3. The unipolar plate according to claim 1, characterized in that the receiving groove (3) is open at the second surface (12) or the third surface (21); or alternatively, the first and second heat exchangers may be,

the accommodating groove (3) comprises a first groove body (34) and a second groove body (35) which are mutually communicated, the first groove body (34) is arranged on the second surface (12), and the second groove body (35) is arranged on the third surface (21).

4. A unipolar plate according to claim 1, characterized in that a number of the gas flow channels (13) are each located within the projection of the receiving groove (3) onto the first surface (11) along the first direction.

5. The unipolar plate according to claim 1, characterized in that, in the second direction, the length of the cooling flow channel (23) is not less than the length of the containing groove (3); the second direction is perpendicular to the first direction.

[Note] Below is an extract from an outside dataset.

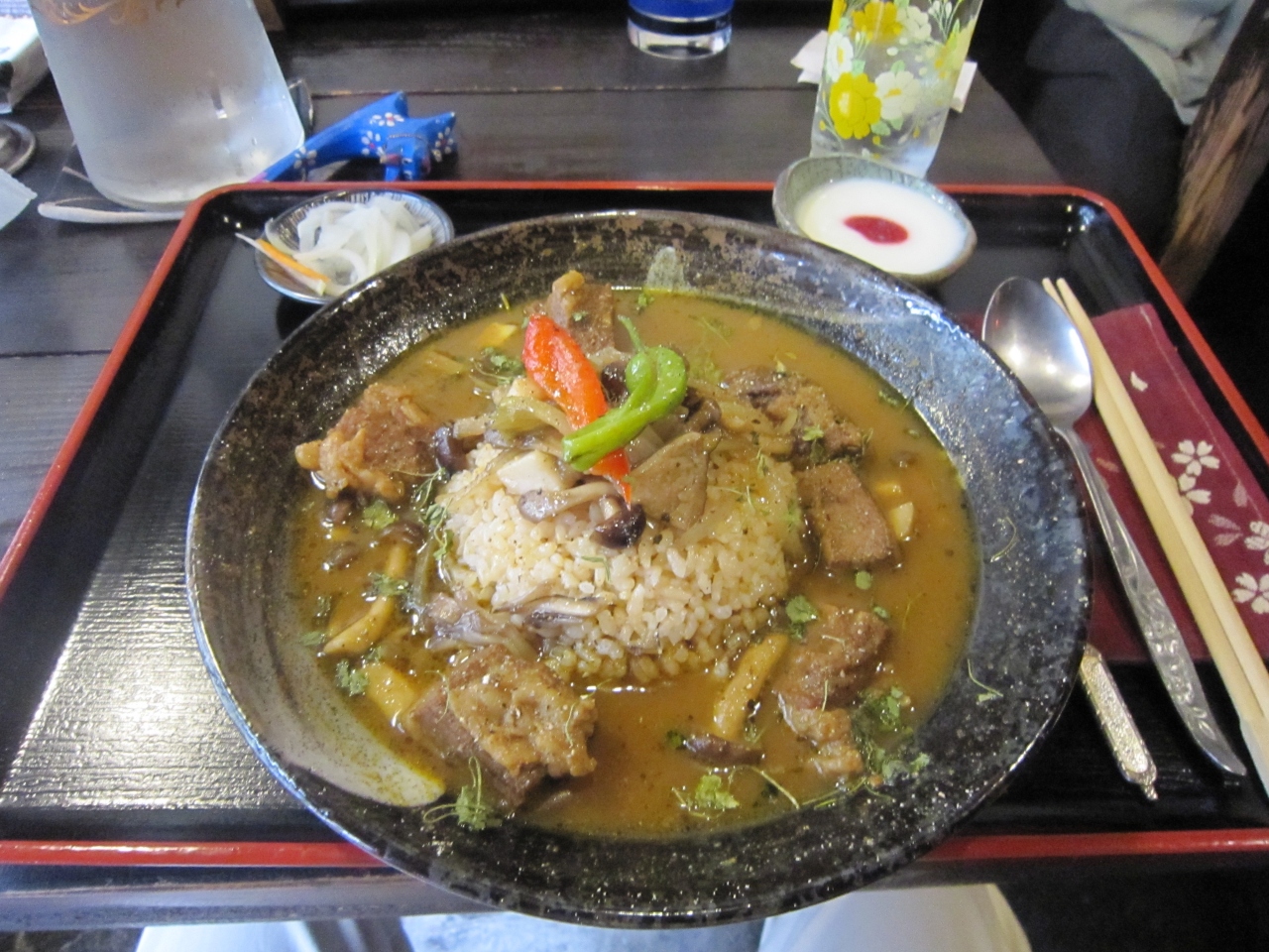 大阪はいからほり商店街の中程にあるカレー専門店。130年の歴史があると言われるレトロな建物で中に入ると昔のミシン等レトロな品物が展示されていました。ランチは薬膳カレー膳で3種類の日替わりカレーから2種類を選択して合いがけするのと単なるカレーがありました。

6. The unipolar plate of claim 5, wherein the unipolar plate (100) has a first end (101) and a second end (102) opposite in a third direction; the third direction is perpendicular to the first direction and the second direction in pairs;

the space between the cooling flow channel (23) at the first end (101) and the end part of the first end (101) is a1, and the space between the accommodating groove (3) and the end part of the first end (101) is b1, so that a1 is less than or equal to b1; and/or the number of the groups of groups,

the distance between the cooling flow channel (23) positioned at the second end (102) and the end part of the second end (102) is a2, and the distance between the accommodating groove (3) and the end part of the second end (102) is b2, so that a2 is less than or equal to b2.

7. Bipolar plate, characterized in that it comprises two monopolar plates (100) according to any of claims 1-6, said fourth surfaces (22) of two of said monopolar plates (100) being fixedly connected.

8. A stack comprising the bipolar plate of claim 7.